* _Your goal_
In the records below, begin at the line containing "夏風輕拂,在岑鞏縣羊橋鄉(x" and end at the line containing "This cottage has"; quote every line in that span exactly, including both boundary lines, and no others.

* _Data for review_
______

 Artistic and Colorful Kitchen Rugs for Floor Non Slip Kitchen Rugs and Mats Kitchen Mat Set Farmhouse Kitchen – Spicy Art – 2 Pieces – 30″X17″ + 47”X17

______

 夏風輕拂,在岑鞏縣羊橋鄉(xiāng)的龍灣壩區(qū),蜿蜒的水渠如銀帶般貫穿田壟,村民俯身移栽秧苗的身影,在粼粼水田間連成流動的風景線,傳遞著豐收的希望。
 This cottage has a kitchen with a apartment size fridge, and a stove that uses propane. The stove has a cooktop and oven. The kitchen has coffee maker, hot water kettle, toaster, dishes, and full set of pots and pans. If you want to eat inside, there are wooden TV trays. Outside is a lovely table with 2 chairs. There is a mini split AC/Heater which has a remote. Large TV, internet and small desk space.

______

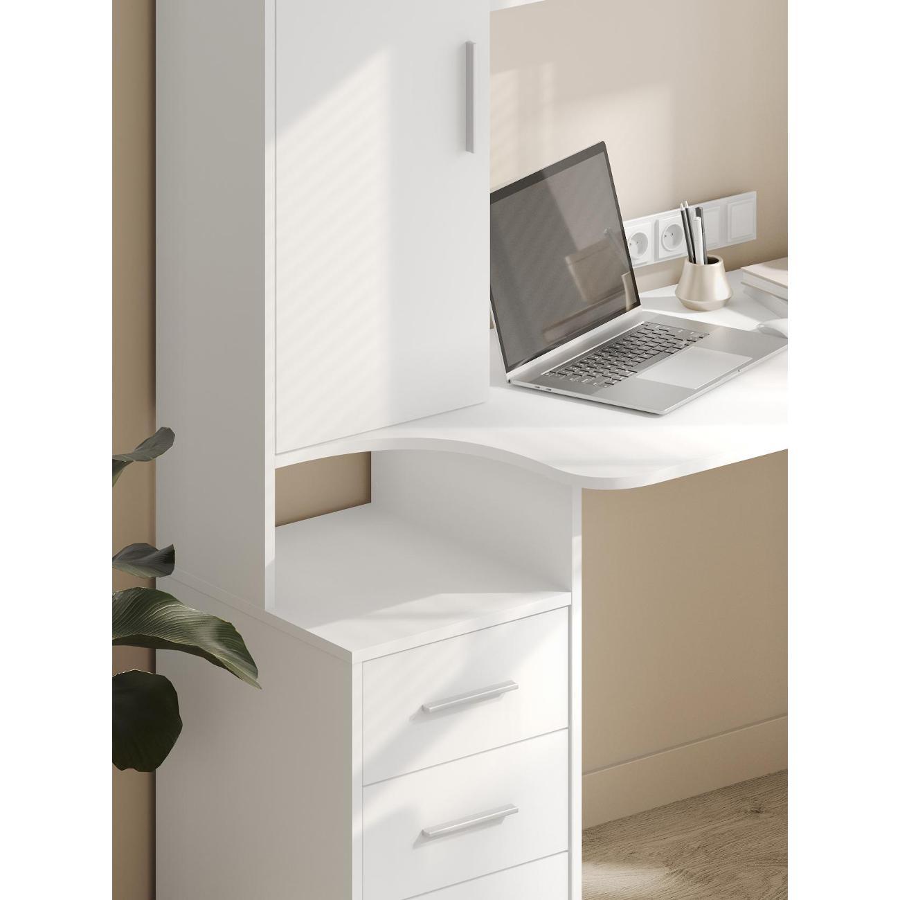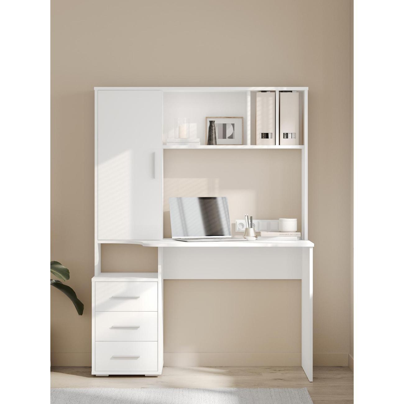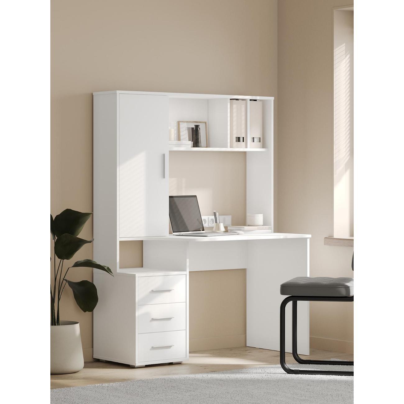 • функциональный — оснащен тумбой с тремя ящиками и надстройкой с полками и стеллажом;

______

* _Exercise result_
 夏風輕拂,在岑鞏縣羊橋鄉(xiāng)的龍灣壩區(qū),蜿蜒的水渠如銀帶般貫穿田壟,村民俯身移栽秧苗的身影,在粼粼水田間連成流動的風景線,傳遞著豐收的希望。
 This cottage has a kitchen with a apartment size fridge, and a stove that uses propane. The stove has a cooktop and oven. The kitchen has coffee maker, hot water kettle, toaster, dishes, and full set of pots and pans. If you want to eat inside, there are wooden TV trays. Outside is a lovely table with 2 chairs. There is a mini split AC/Heater which has a remote. Large TV, internet and small desk space.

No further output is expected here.